Search code examples
sqlpostgresqlfull-text-searchtsvector

Full text search returning too many irrelevant results and causing poor performance


I'm using the full text search feature from Postgres and for the most part it works fine.

I have a column in my database table called documentFts that is basically the ts_vector version of the body field, which is a text column, and that's indexed with GIN index.

Here's my query:

select
      count(*) OVER() AS full_count,
      id,
      url, 
      (("urlScore" / 100) + ts_rank("documentFts", websearch_to_tsquery($4, $1))) as "finalScore",
      ts_headline(\'english_unaccent\', title, websearch_to_tsquery($4, $1)) as title,
      ts_headline(\'english_unaccent\', body, websearch_to_tsquery($4, $1)) as body,
      "possibleEncoding",
      "responseYear"
    from "Entries"
    where 
      "language" = $3 and 
      "documentFts" @@ websearch_to_tsquery($4, $1)
    order by (("urlScore" / 100) + ts_rank("documentFts", websearch_to_tsquery($4, $1))) desc limit 20 offset $2;

The dictionary is english_unaccent because I created one based on english that uses the unaccent extension by using:

CREATE TEXT SEARCH CONFIGURATION english_unaccent (
  COPY = english
);

ALTER TEXT SEARCH CONFIGURATION english_unaccent
  ALTER MAPPING FOR hword, hword_part, word WITH unaccent,
  english_stem;

I did the same for other languages.

And then I did this to my Entries db:

ALTER TABLE "Entries"
  ADD COLUMN "documentFts" tsvector;

UPDATE
  "Entries"
SET
  "documentFts" = (setweight(to_tsvector('english_unaccent', coalesce(title)), 'A') || setweight(to_tsvector('english_unaccent', coalesce(body)), 'C'))
WHERE
  "language" = 'english';

I have a column in my table with the language of the entry, hence the "language" = 'english'.
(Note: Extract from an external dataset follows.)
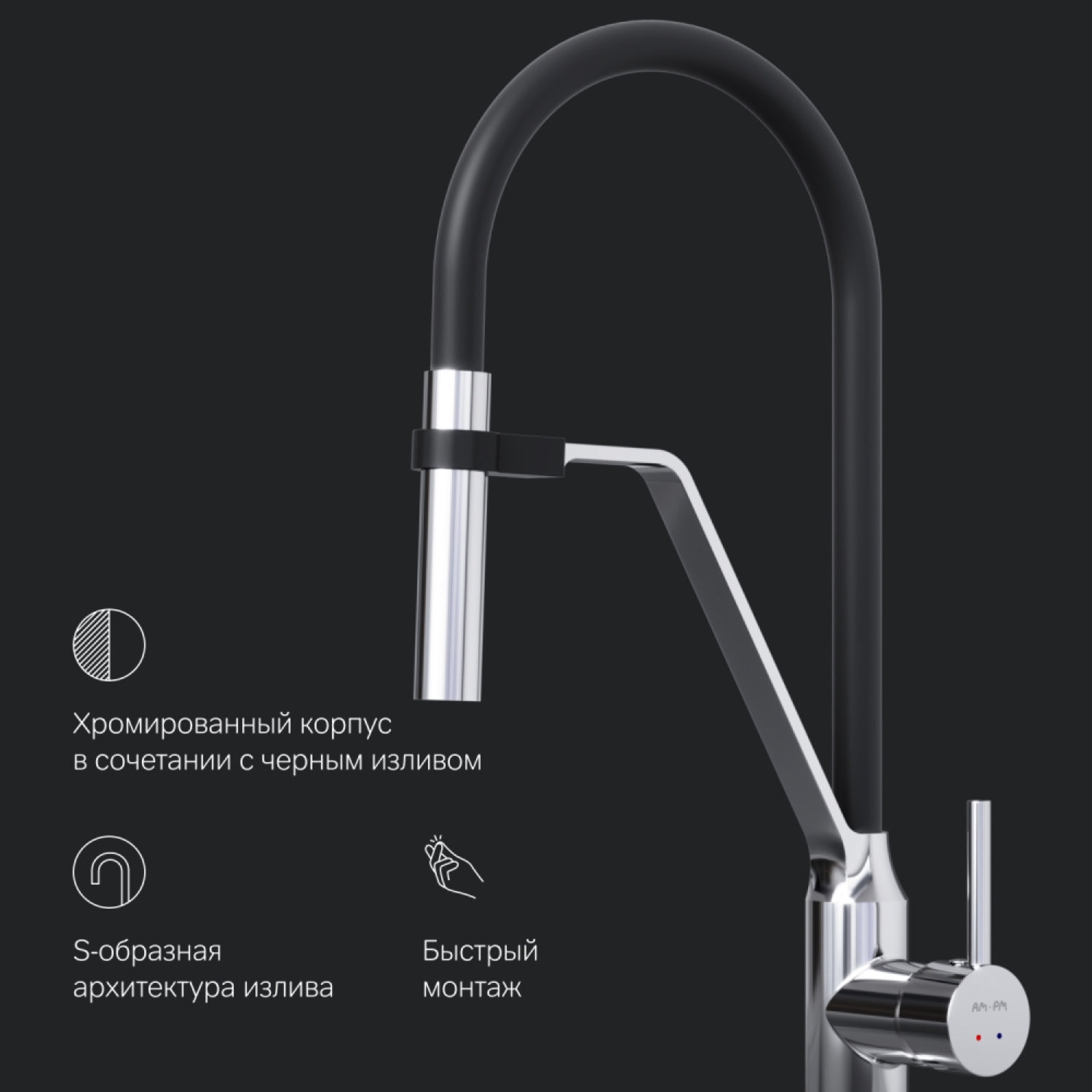 Стильный и функциональный смеситель для кухни с профессиональным изливом.

So, the problem I'm having is that for words like animal, anime or animation, they all go into the vector as anim, which means that if I search for any of those words I get results with all of those variations.

That returns a HUGE dataset that causes the query to be quite slow compared to searches that return fewer items. And also, if I search for Anime, my first results contain Animal, Animated and the first result that has the word Anime is the 12th one.

Shouldn't animation be transformed to animat in the vector and animal just be animal as the other variations for it are animals or animalia?

I've been searching for a solution to this without much luck, is there any way I can improve this, I'm happy to install extensions, reindex the column or whatever.


Solution

  • There are so many little details to this. The best solution depends on the exact situation and exact requirements.

    Two simple options:

    Simple tweak 1

    If you want to sort rows where title or body have a word starting with 'Anime' (exactly) in it, matched case-insensitively, add an ORDER BY expression like:

    ORDER  BY unaccent(concat_ws(' ', title, body) !~* ('\m' || f_regexp_escape($4))
            , (("urlScore" / 100) + ts_rank("documentFts", websearch_to_tsquery($4, $1))) DESC
    
    

    Where the auxiliary function f_regexp_escape() escapes special regexp characters and is defined here:

    That expression is rather expensive, but since it's only applied to filtered results, the effect is limited. You may have to fine-tune, as other search terms present other difficulties. Think of 'body' / 'bodies' stemming to 'bodi' ...

    Simple tweak 2

    To remove English stemming completely, base yours on the 'simple' TEXT SEARCH CONFIGURATION:

    CREATE TEXT SEARCH CONFIGURATION simple_unaccent (
      COPY = simple
    );
    

    Etc.

    Then the actual language of the text is irrelevant.The index gets substantially bigger, and the search is done on literal spellings. You can now widen the search with prefix matching like:

    WHERE  "documentFts" @@ to_tsquery('simple_unaccent', ($1 || ':*')
    

    Again, you'll have to fine-tune. The simple example only works for single-word patterns. And I doubt you want to get rid of stemming altogether. Probably too radical.

    See:

    Proper solution: Synonym dictionary

    You need access to the installation drive of the Postgres server for this. So typically not possible with most hosted services.

    To overrule some of the stemmer decisions, overrule with your own set of synonym(rule)s. Create a mapping file in $SHAREDIR/tsearch_data/my_synonyms.syn. That's /usr/share/postgresql/13/tsearch_data/my_synonyms.syn in my Linux installation:

    Let it contain (case insensitive by default):

    anime anime
    

    Then:

    CREATE TEXT SEARCH DICTIONARY my_synonym (
        TEMPLATE = synonym,
        SYNONYMS = my_synonyms
    );
    

    There is a chapter with instructions in the manual. One quote:

    A synonym dictionary can be used to overcome linguistic problems, for example, to prevent an English stemmer dictionary from reducing the word “Paris” to “pari”. It is enough to have a Paris paris line in the synonym dictionary and put it before the english_stem dictionary.

    Then:

    CREATE TEXT SEARCH CONFIGURATION my_english_unaccent (
      COPY = english
    );
    
    ALTER TEXT SEARCH CONFIGURATION my_english_unaccent
      ALTER MAPPING FOR hword, hword_part, word
      WITH unaccent, my_synonym, english_stem;   -- added my_synonym!
    

    You have to update your column "documentFts" with my_english_unaccent. While being at it, use a proper lower-case column name like document_fts, and consider a GENERATED column. See:

    Now, searching for Anime (or ánime, for that matter) won't find animal any more. And searching for animal won't find Anime.